● TASK STATEMENT
Please output the listing that follows exactly, but keep all images out.

● DATA SHOWN
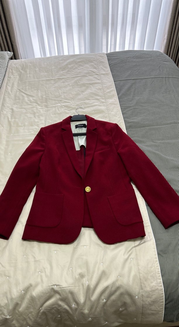 Bordo renkli, tek düğmeli, klasik yaka blazer ceket. Uzun kollu ve normal midi boyda, sentetik kumaştan üretilmiştir. Ofis ve günlük şıklık için uygundur.
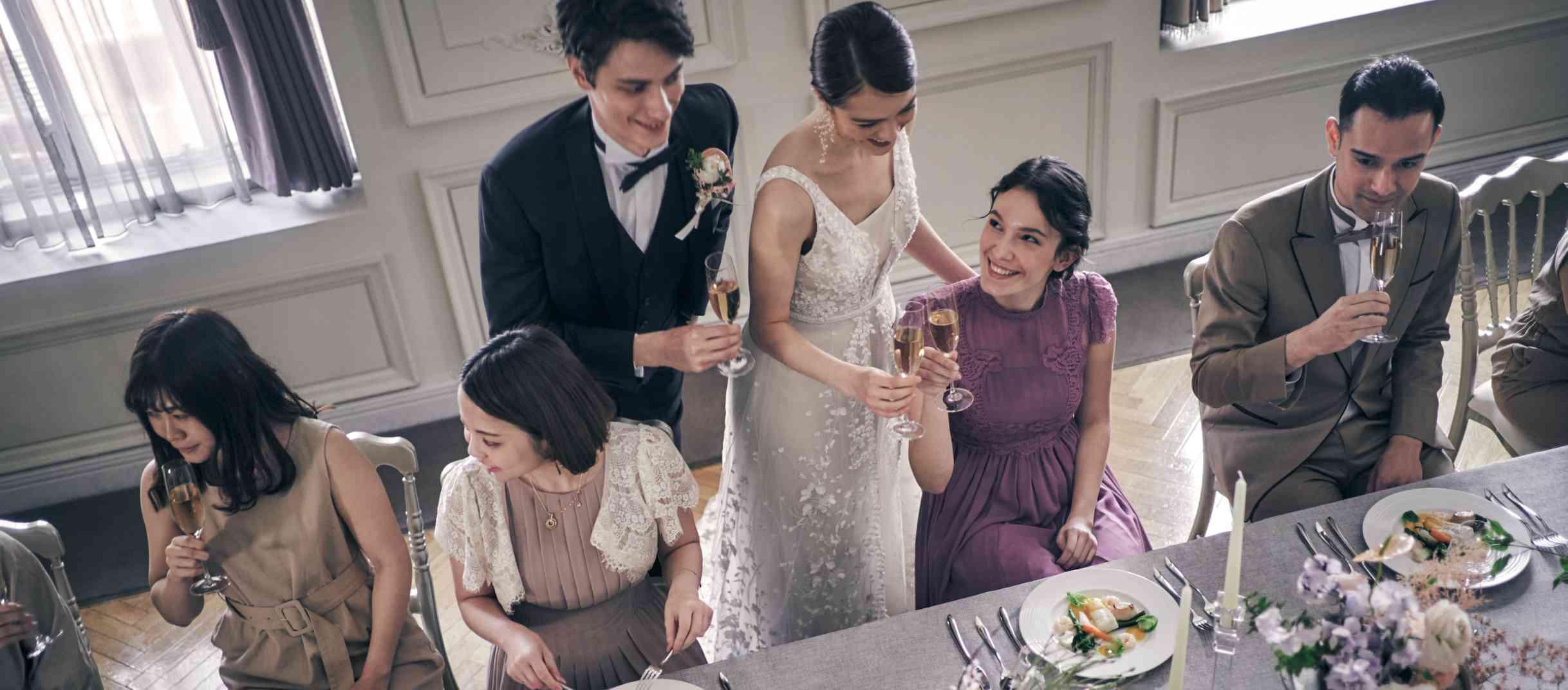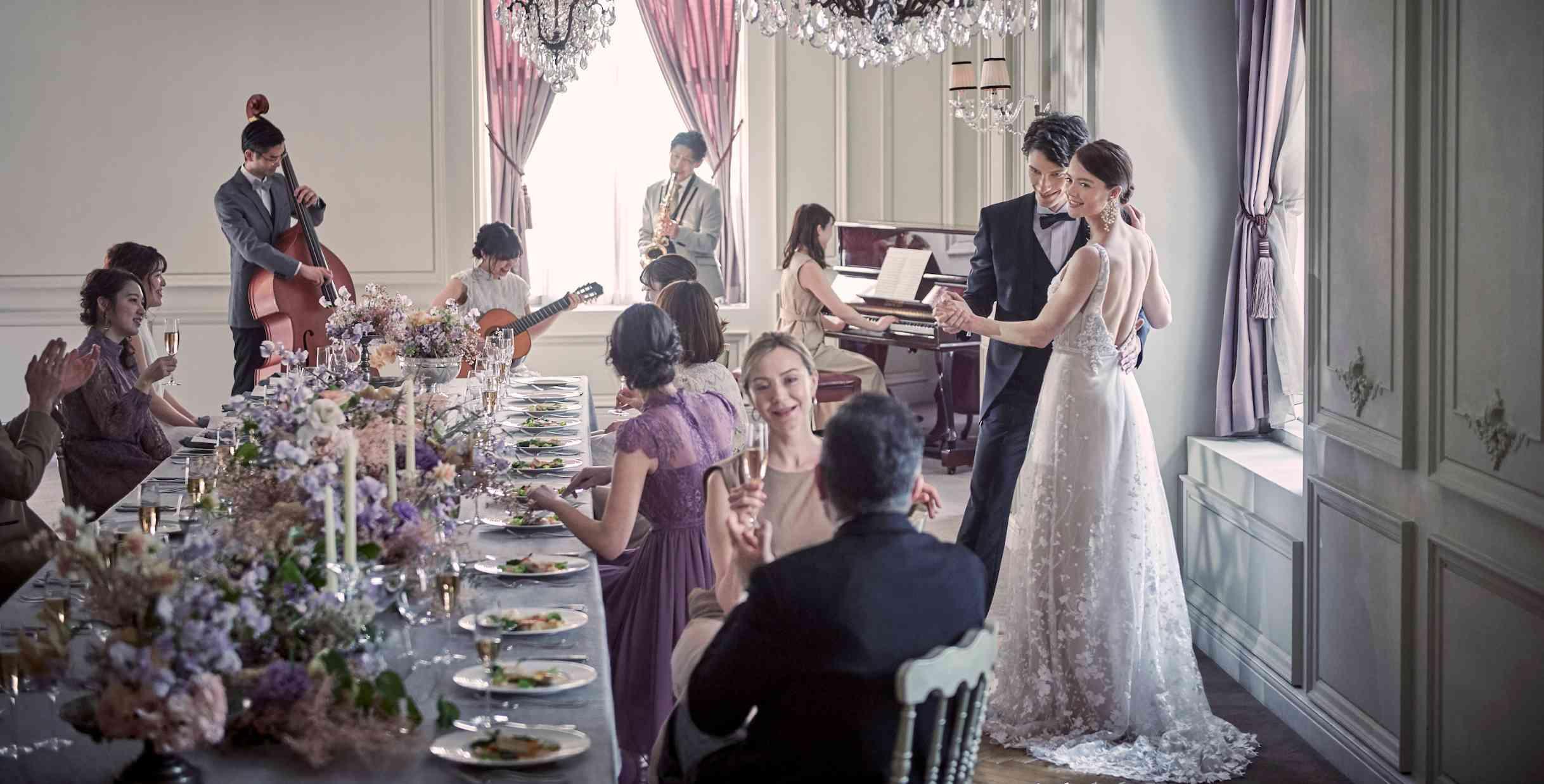 窓から差し込む自然光が会場内を優美な雰囲気で包み、花嫁のドレス姿や装飾をよりいっそう美しく際立たせます。全体に息づくクラシカルな世界観が、優雅な大人のパーティを演出。
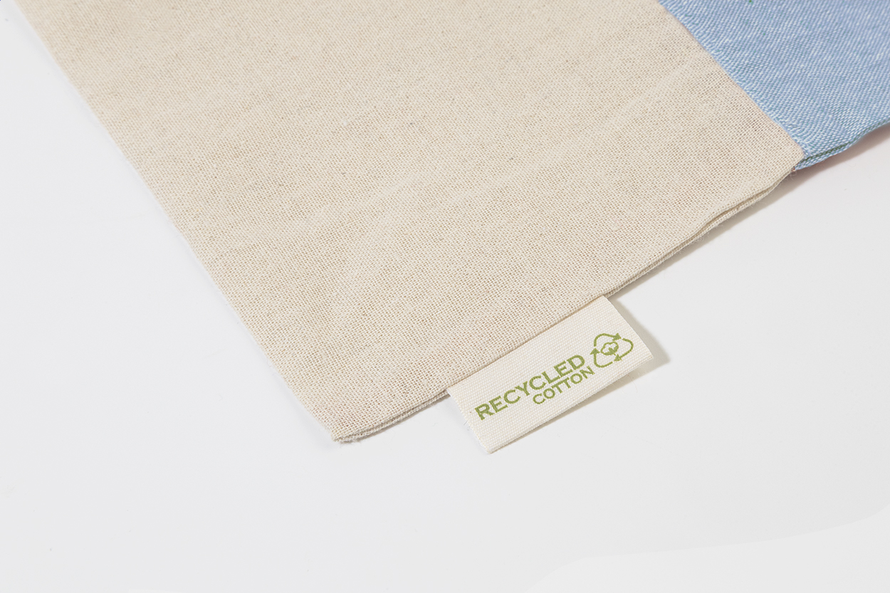 Dvoubarevná nákupní taška z recyklované bavlny s dlouhými uchy a výrazným štítkem z recyklované bavlny. 100% recyklovaná bavlna, 120 g/m².

● ANSWER TO THE EXERCISE
 Bordo renkli, tek düğmeli, klasik yaka blazer ceket. Uzun kollu ve normal midi boyda, sentetik kumaştan üretilmiştir. Ofis ve günlük şıklık için uygundur.
 窓から差し込む自然光が会場内を優美な雰囲気で包み、花嫁のドレス姿や装飾をよりいっそう美しく際立たせます。全体に息づくクラシカルな世界観が、優雅な大人のパーティを演出。
 Dvoubarevná nákupní taška z recyklované bavlny s dlouhými uchy a výrazným štítkem z recyklované bavlny. 100% recyklovaná bavlna, 120 g/m².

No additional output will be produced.